How to Save Your Golf Course This Winter
Your golf club needs your help. It goes without saying that winter can be a pressured time of year for clubs as they look to maintain revenues, presenting an acceptable product for members and visitors, while ensuring that their course is ready and in great shape for the main peak season to come in the summer.
We should always be mindful of doing our part to maintain the course, but this is especially true for winter, when the weather conditions become challenging across the British Isles. Quality cold weather apparel and a desire to get the most from annual memberships has encouraged more golfers to continue playing for 12 months a year, but that raises vital questions for our clubs as they look to find the right balance.
The added difficulties of winter for golfers have often been featured, but what about the greenkeepers and those charged with looking after your local course?
There are commonsense things that we can all adopt, changing our habits and being even more considerate of the environment around us. But what are the specific points to remember?
For a bit of added insight, Adam Matthews, the Course Manager at Moor Allerton in Yorkshire, has kindly shared his thoughts on ten things that we can all do to protect our precious golf courses throughout the winter months.
Carry If You Can
Carrying your clubs reduces the amount of wear created by trolleys, especially around greens, tees and walkways where the ground is often raised. This saves a lot of time and money in the spring having to repair and often re-seed and turf damaged areas.

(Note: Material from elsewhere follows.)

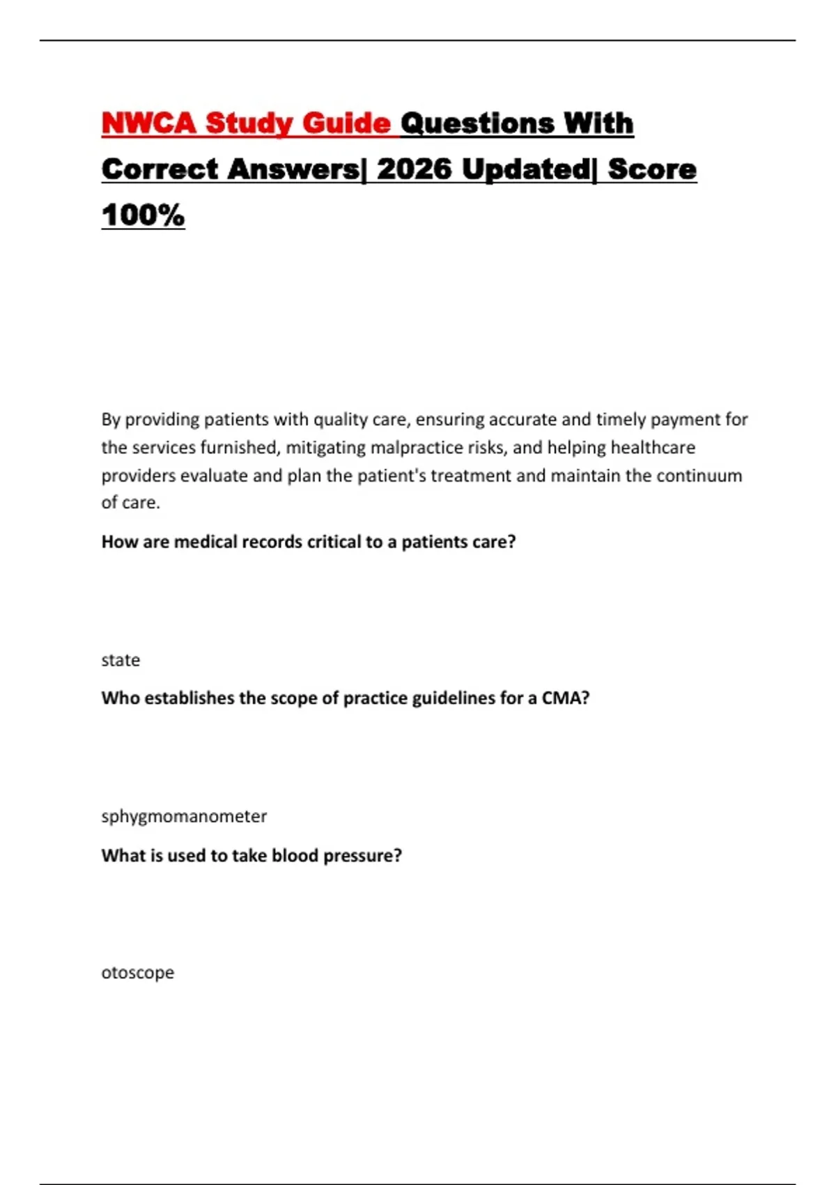 This document contains a comprehensive set of NWCA study guide questions with correct answers covering core medical assisting concepts, including clinical procedures, anatomy and physiology, phlebotomy, vital signs, EKG interpretation, infection control, and medical law and ethics. It is designed as a complete review resource for NWCA exam preparation and includes clear, direct answers to commonly tested questions to support effective studying and exam readiness.

This is important all year round, but even more so during the winter months where often surfaces are a little softer than they are in summer and pitch marks become more common. With temperatures reducing recovery, if not repaired straight away the marked area of the green will often die, and this creates the perfect space for moss and disease to encroach.
Using Winter Mats
Many courses will ask golfers to consider using mats on fairways and certain tees that are particularly open to divot taking, like many par 3s. This is purely down to the lack of growth and recovery in winter months. Again, it’s a huge time saver in the spring for the green staff and also allows the surfaces to be the best they can be earlier in the season. It can also help playability for the golfer when playing shots from a waterlogged surface.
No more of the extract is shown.